** WHAT YOU NEED TO DO **
Reproduce the entire listing exactly. Leave the pictures out.

** DATA SEGMENT **

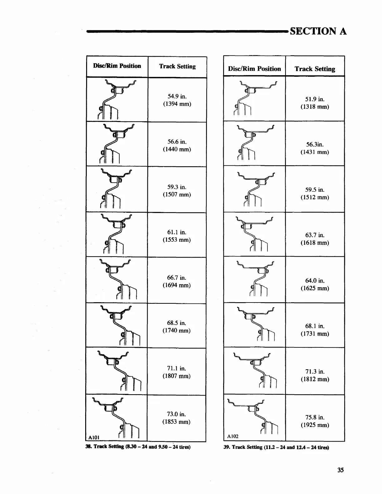 Setting (11.2 - 24 and 12A - 24 tires)
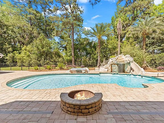 With impeccable details and finishes throughout, this custom brick home built by Porter Chandler offers luxurious living at its finest in Pine Tip Hills. The spacious 6800 sqft interior features 7 bedrooms, 5 full bathrooms, 4 half bathrooms, and 2 flex rooms, providing ample space for family living or entertaining guests. 2022 Roof. Step inside the grand entry foyer and be greeted by a light-filled interior adorned with heart of pine floors, decorative millwork, soaring ceilings, 4 fireplaces, and plantation shutters. The chef's kitchen opens to the family room, creating a seamless flow and perfect gathering spot. Primary suite on main level features spa like bath and walk-in closet. Nestled on a beautifully landscaped lot. The backyard oasis with extensive outdoor features includes pool house, saltwater pool with grotto, slide and fountain, hot tub, and recently refurbished koi pond with water feature and expansive pavered patio with custom fireplace. All ideal for relaxation and outdoor fun. Just in time for Summer! Zoned for top-rated schools and conveniently located near shopping and dining, this home is a true gem in a desirable neighborhood.
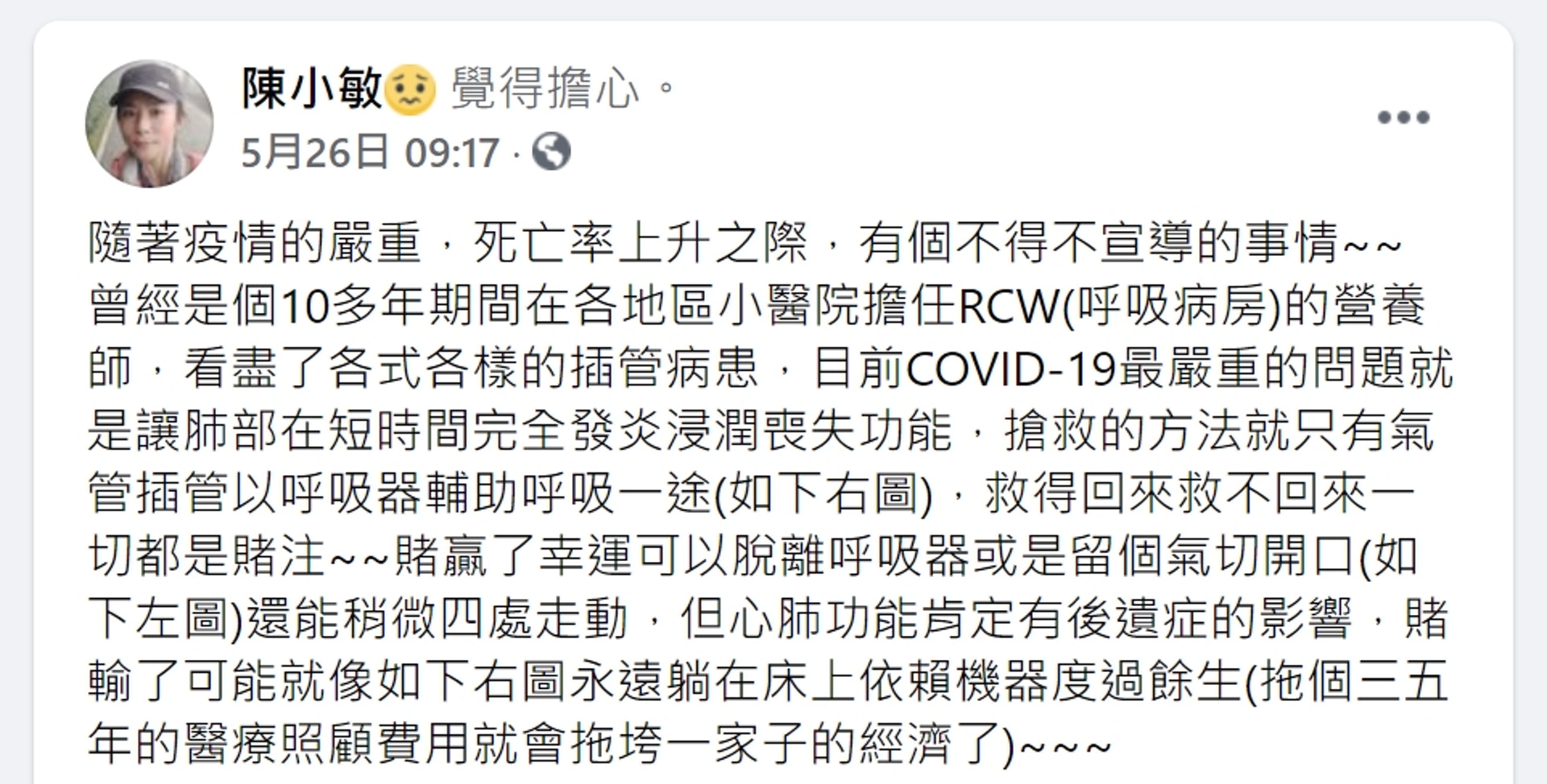 : V. o6 e9 q8 c0 a% u# Ctvb now,tvbnow,bttvb近日她貼文表示,若遇到年事已高且有慢性病的長輩不幸確診重症,「真的就放手吧」,引起熱論。(陳小敏Facebook)

** ANSWER SECTION **
 Setting (11.2 - 24 and 12A - 24 tires)
 With impeccable details and finishes throughout, this custom brick home built by Porter Chandler offers luxurious living at its finest in Pine Tip Hills. The spacious 6800 sqft interior features 7 bedrooms, 5 full bathrooms, 4 half bathrooms, and 2 flex rooms, providing ample space for family living or entertaining guests. 2022 Roof. Step inside the grand entry foyer and be greeted by a light-filled interior adorned with heart of pine floors, decorative millwork, soaring ceilings, 4 fireplaces, and plantation shutters. The chef's kitchen opens to the family room, creating a seamless flow and perfect gathering spot. Primary suite on main level features spa like bath and walk-in closet. Nestled on a beautifully landscaped lot. The backyard oasis with extensive outdoor features includes pool house, saltwater pool with grotto, slide and fountain, hot tub, and recently refurbished koi pond with water feature and expansive pavered patio with custom fireplace. All ideal for relaxation and outdoor fun. Just in time for Summer! Zoned for top-rated schools and conveniently located near shopping and dining, this home is a true gem in a desirable neighborhood.
 : V. o6 e9 q8 c0 a% u# Ctvb now,tvbnow,bttvb近日她貼文表示,若遇到年事已高且有慢性病的長輩不幸確診重症,「真的就放手吧」,引起熱論。(陳小敏Facebook)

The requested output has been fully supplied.